We carried out qRT-PCR assays to measure its expressions in gastritis samples (3 different groups) and normal tissues. As fig. 2 indicated, PG II, Ribonucleic Acid (RNA) expression was significantly up-regulated in the gastritis samples than that in normal tissues, especially in H. pylori caused gastritis group. In order to further explain the relationship between gastritis and PG II, WB was for measuring the protein expressions of PG II in 3 different groups of gastritis samples and normal tissues. The results showed that PG II protein expression levels were also significantly up-regulated in gastritis samples (fig. 3A and fig. 3B). Besides, the expression level of PG II was detected in different tissues by IHC. PG II was found to be highly expressed in tissue samples of 3 groups as shown in fig. 4A-fig. 4D.

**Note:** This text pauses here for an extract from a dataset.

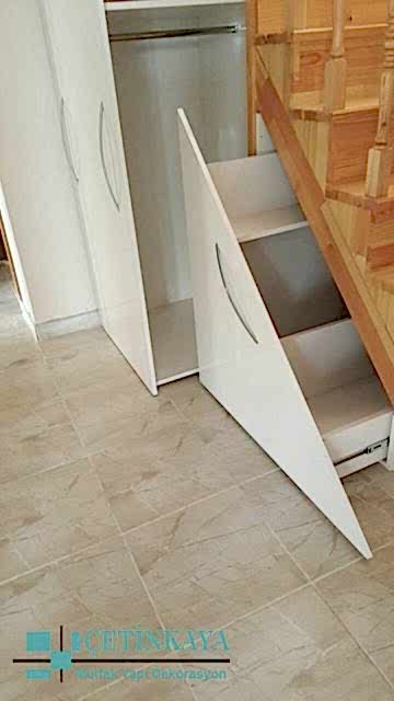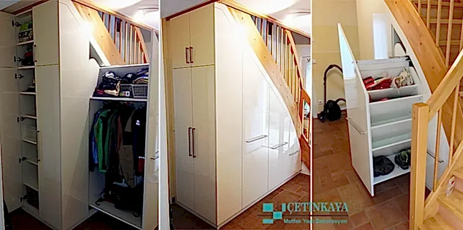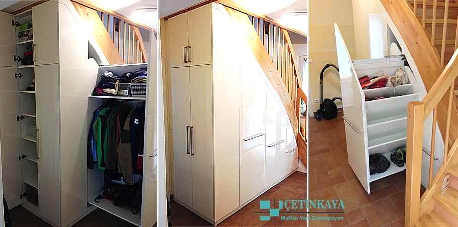 Akla gelmeyen yerlere örnek olarak merdiven altını tercih edebilir. Merdiven altı öyle şahane bir şekilde döşenir ki kullanışlı bir olabilir. Tripleks yada dubleks bir eviniz var ise en çok tercih bu yönde olur. Merdiven altına şık bir raf yada dolap düzenlenebilir, oda dışında kullanılabilir. Merdiven altına vestiyer şeklinde dolap yapılır ise ayakkabılarınızı muhafaza edilebilecek bir yer kazanılır. Merdiven altı dışında basamakları da kullanılabilir alternatif seçeneklerdendir. Basamaklar açılabilir vaziyette olur ise kışlık giyeceklerimizi muhafaza edebilir çocuklarımızın oyuncaklarını dahi saklayabilirsiniz.

PG is an inactive precursor of pepsin in gastric juice, as a polypeptide chain consisting of 375 amino acids. PG is synthesized by ribosome, secreted by the Golgi body and activated by hydrochloric acid to form pepsin. Stomach is likely to be the only source of PG and the secretion volume varies at different stages. After synthesis, most PG would enter the gastric cavity and convert into pepsin after being activated by acidic gastric fluid. Moreover, a small amount of PG (about 1 %) would penetrate the mucosa and enter serum. When pathological changes occur in the gastric mucosa, the level of serum PG also changes. Thus, serum PG can reflect the secretion level of PG.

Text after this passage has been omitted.